*** Block opens ***

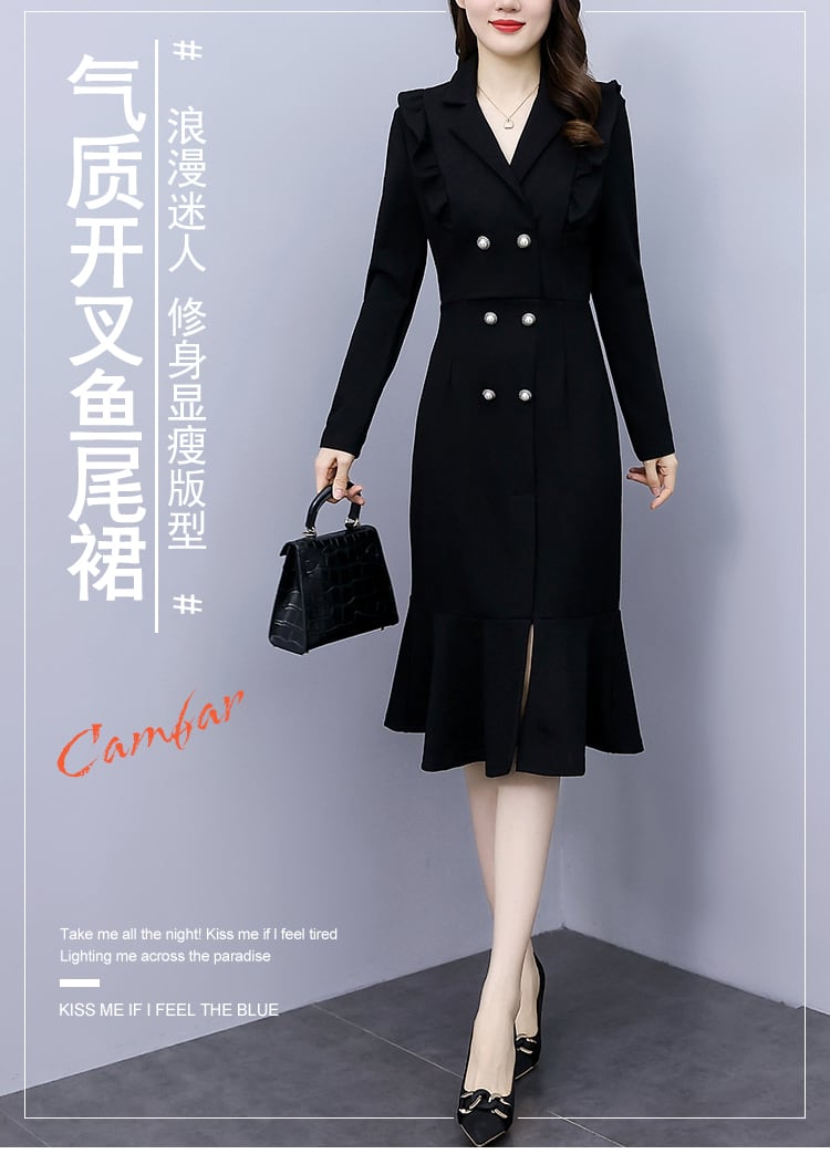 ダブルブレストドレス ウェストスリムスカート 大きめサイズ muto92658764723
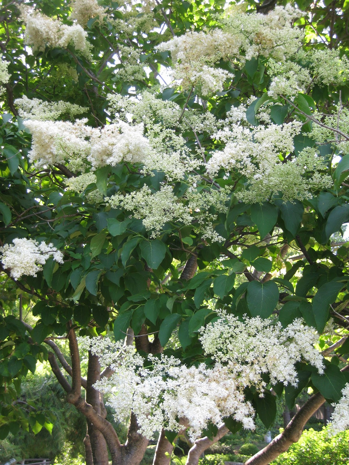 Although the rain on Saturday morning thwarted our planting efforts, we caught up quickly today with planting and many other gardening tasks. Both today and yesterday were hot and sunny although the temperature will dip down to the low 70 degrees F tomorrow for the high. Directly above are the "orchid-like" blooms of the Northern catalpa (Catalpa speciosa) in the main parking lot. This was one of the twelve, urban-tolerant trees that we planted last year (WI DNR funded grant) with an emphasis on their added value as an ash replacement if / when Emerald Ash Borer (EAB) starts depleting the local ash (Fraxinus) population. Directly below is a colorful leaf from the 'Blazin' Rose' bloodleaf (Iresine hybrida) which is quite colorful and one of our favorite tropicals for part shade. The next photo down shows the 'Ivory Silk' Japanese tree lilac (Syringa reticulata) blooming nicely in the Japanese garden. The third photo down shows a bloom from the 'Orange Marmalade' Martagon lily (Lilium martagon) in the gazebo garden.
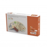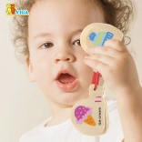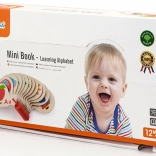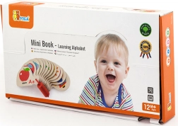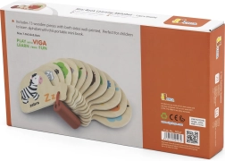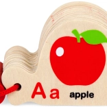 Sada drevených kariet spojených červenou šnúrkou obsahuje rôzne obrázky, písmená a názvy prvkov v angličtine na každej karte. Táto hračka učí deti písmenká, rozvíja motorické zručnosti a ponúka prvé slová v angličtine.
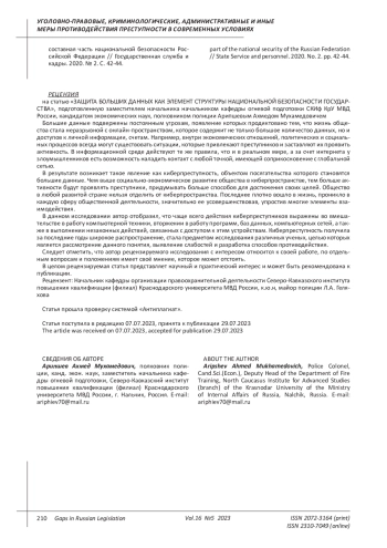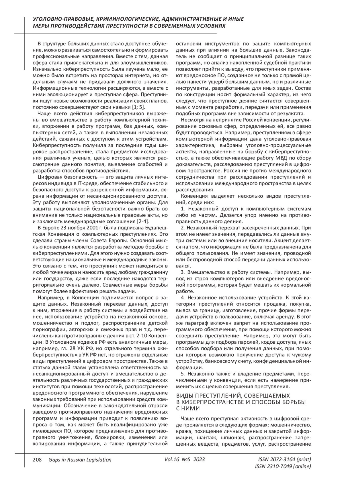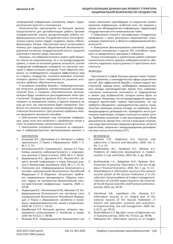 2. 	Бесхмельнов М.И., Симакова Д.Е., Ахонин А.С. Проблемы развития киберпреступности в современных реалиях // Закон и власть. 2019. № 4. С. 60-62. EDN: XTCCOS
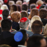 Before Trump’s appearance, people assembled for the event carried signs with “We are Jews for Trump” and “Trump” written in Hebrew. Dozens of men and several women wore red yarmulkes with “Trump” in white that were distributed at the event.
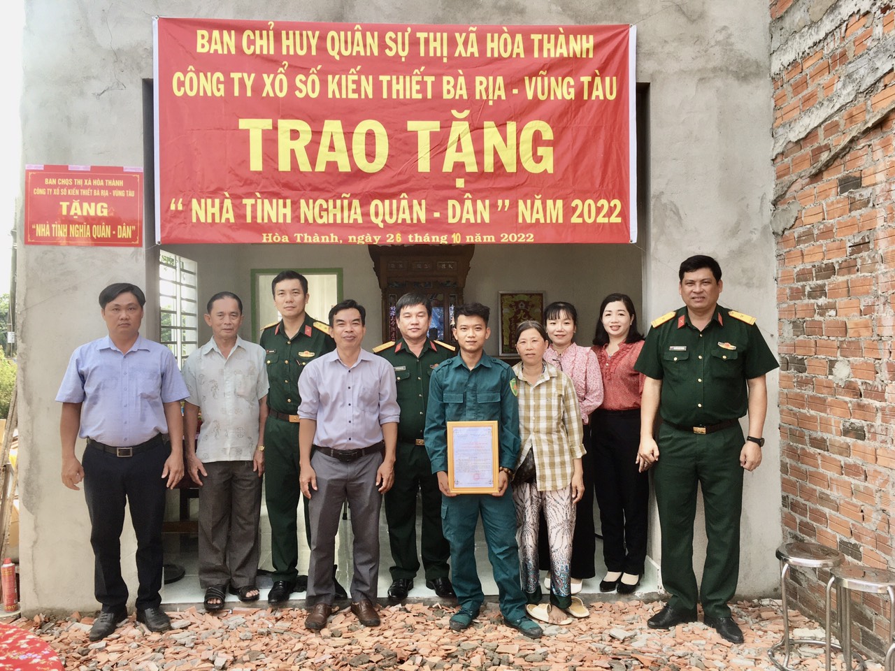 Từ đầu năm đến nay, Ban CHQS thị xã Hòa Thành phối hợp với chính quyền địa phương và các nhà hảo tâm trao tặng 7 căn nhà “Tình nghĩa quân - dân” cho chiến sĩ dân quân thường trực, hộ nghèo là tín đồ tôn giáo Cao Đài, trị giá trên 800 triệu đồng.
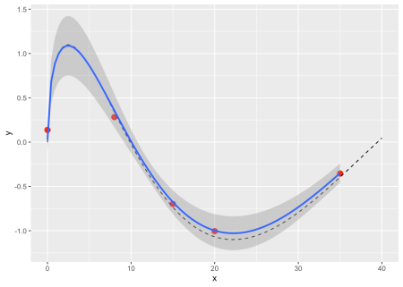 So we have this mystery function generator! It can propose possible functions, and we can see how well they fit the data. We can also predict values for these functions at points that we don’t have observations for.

*** Block closes ***
*** Block opens ***

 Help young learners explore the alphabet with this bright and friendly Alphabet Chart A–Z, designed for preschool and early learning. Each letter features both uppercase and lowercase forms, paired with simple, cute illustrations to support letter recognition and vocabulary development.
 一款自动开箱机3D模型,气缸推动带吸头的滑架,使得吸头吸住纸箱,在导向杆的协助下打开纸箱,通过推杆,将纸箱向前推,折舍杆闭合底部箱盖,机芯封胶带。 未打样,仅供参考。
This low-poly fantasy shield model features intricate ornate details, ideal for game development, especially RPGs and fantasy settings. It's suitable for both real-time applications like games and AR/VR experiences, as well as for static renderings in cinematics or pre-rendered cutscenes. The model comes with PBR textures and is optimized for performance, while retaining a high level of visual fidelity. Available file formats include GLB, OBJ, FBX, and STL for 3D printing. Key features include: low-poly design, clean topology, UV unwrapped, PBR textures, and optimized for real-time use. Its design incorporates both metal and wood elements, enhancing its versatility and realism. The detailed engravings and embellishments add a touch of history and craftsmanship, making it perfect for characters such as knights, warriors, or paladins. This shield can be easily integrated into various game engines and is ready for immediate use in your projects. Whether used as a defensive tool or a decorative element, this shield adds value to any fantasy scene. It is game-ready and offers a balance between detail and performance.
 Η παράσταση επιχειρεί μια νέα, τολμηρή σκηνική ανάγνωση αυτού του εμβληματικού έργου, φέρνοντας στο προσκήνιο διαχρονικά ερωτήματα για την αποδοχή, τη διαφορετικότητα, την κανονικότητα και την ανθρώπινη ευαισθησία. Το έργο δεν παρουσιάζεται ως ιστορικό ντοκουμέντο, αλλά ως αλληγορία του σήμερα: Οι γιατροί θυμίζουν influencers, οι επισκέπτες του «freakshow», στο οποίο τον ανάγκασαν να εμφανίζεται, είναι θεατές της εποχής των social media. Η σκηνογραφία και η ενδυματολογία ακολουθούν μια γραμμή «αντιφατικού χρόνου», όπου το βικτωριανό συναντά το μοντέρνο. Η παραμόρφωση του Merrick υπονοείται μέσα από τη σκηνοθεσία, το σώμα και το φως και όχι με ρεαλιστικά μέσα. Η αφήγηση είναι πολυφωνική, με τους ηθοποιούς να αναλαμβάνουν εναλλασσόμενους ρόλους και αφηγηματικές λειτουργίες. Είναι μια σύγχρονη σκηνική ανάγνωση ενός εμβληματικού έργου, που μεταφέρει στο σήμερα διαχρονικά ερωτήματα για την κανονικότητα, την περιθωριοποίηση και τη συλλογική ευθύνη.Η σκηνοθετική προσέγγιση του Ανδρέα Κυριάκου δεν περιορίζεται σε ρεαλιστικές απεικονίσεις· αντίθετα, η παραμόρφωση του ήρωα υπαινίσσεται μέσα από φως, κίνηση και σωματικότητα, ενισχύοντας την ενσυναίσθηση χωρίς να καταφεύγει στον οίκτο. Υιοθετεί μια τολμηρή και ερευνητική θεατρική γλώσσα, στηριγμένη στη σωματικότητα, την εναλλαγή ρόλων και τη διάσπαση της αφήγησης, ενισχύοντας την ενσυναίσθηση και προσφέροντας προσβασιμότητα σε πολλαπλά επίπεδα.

*** Block closes ***
*** Block opens ***

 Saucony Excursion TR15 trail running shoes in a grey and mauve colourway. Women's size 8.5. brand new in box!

*** Block closes ***

[What needs to be done] Start at the line above containing "ダブルブレストドレス ウェストスリムスカート 大きめサイズ" and stop at the line containing "Although the rain": print those lines and everything between them exactly, but not the pictures.

[Expected answer]
 ダブルブレストドレス ウェストスリムスカート 大きめサイズ muto92658764723
 Although the rain on Saturday morning thwarted our planting efforts, we caught up quickly today with planting and many other gardening tasks. Both today and yesterday were hot and sunny although the temperature will dip down to the low 70 degrees F tomorrow for the high. Directly above are the "orchid-like" blooms of the Northern catalpa (Catalpa speciosa) in the main parking lot. This was one of the twelve, urban-tolerant trees that we planted last year (WI DNR funded grant) with an emphasis on their added value as an ash replacement if / when Emerald Ash Borer (EAB) starts depleting the local ash (Fraxinus) population. Directly below is a colorful leaf from the 'Blazin' Rose' bloodleaf (Iresine hybrida) which is quite colorful and one of our favorite tropicals for part shade. The next photo down shows the 'Ivory Silk' Japanese tree lilac (Syringa reticulata) blooming nicely in the Japanese garden. The third photo down shows a bloom from the 'Orange Marmalade' Martagon lily (Lilium martagon) in the gazebo garden.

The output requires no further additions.